┌──
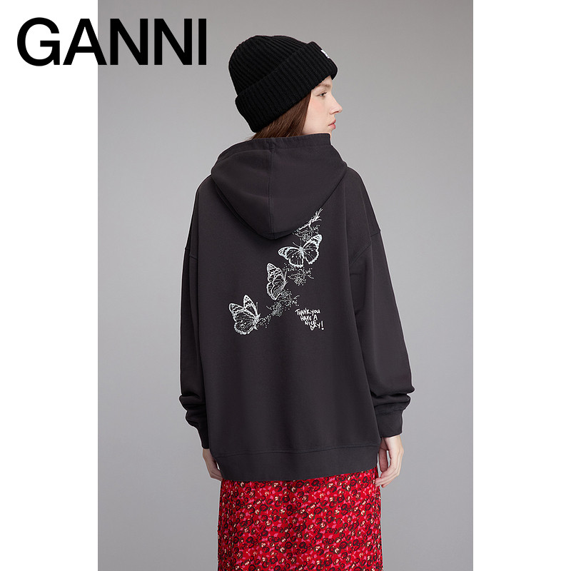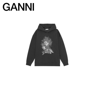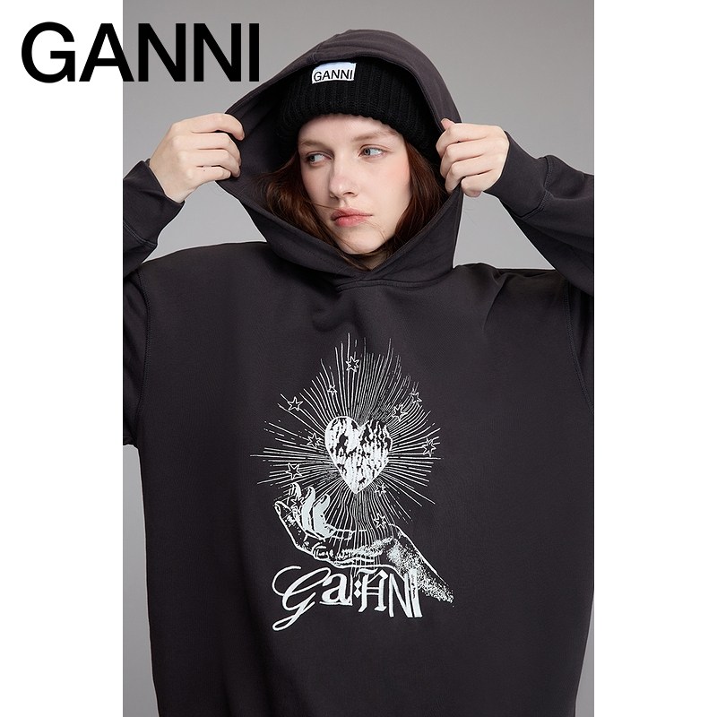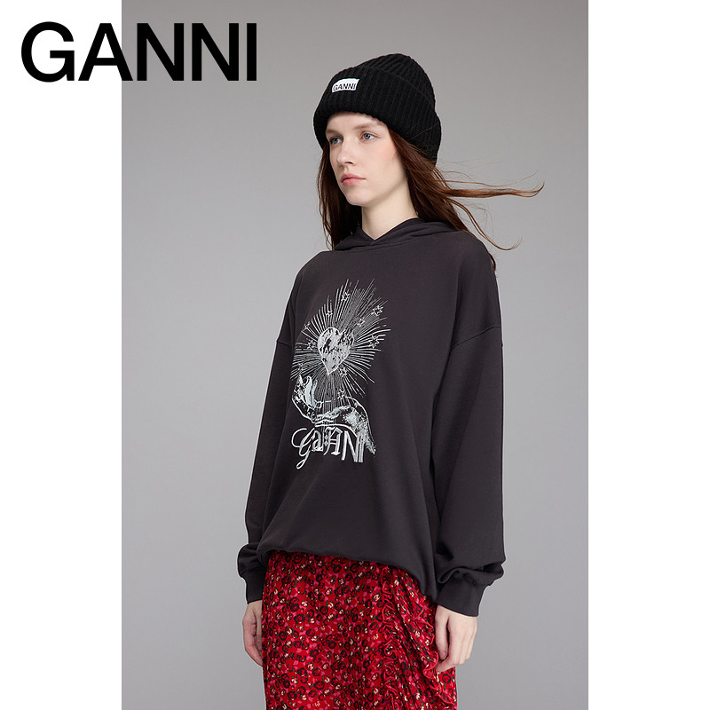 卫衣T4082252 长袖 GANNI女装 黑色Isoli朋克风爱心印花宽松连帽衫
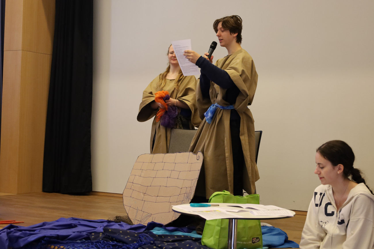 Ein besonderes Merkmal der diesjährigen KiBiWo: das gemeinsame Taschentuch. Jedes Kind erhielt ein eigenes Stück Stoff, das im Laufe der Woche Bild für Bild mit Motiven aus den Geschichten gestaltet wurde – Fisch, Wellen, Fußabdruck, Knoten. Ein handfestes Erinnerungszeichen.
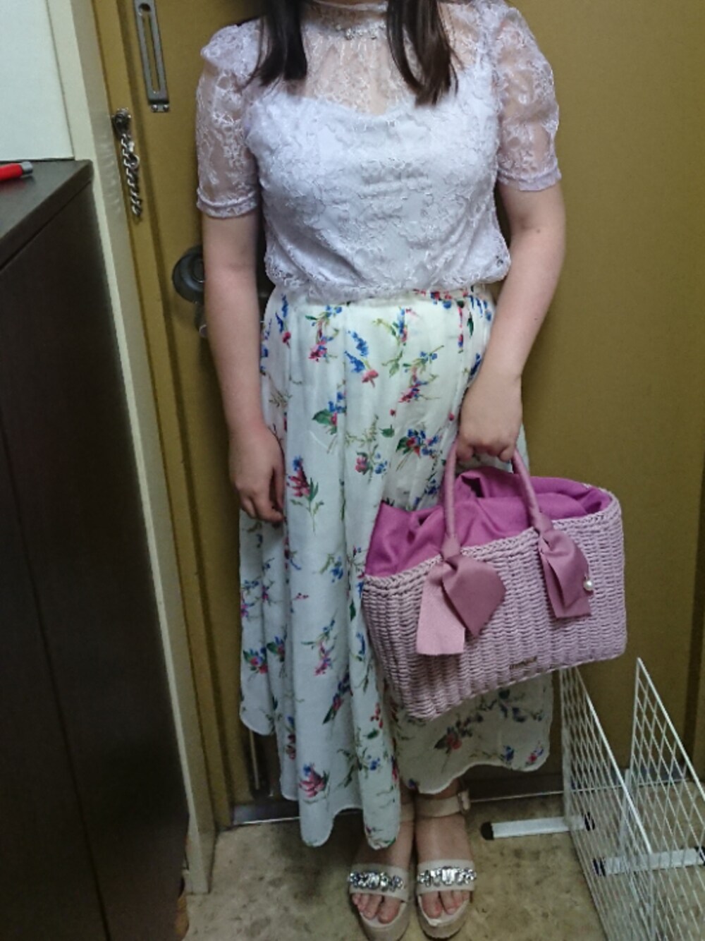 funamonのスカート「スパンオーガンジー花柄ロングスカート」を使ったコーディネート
└──
ASSIGNMENT: Everything above except the pictures must be restated exactly.

ANSWER BOX:
 卫衣T4082252 长袖 GANNI女装 黑色Isoli朋克风爱心印花宽松连帽衫
 Ein besonderes Merkmal der diesjährigen KiBiWo: das gemeinsame Taschentuch. Jedes Kind erhielt ein eigenes Stück Stoff, das im Laufe der Woche Bild für Bild mit Motiven aus den Geschichten gestaltet wurde – Fisch, Wellen, Fußabdruck, Knoten. Ein handfestes Erinnerungszeichen.
 funamonのスカート「スパンオーガンジー花柄ロングスカート」を使ったコーディネート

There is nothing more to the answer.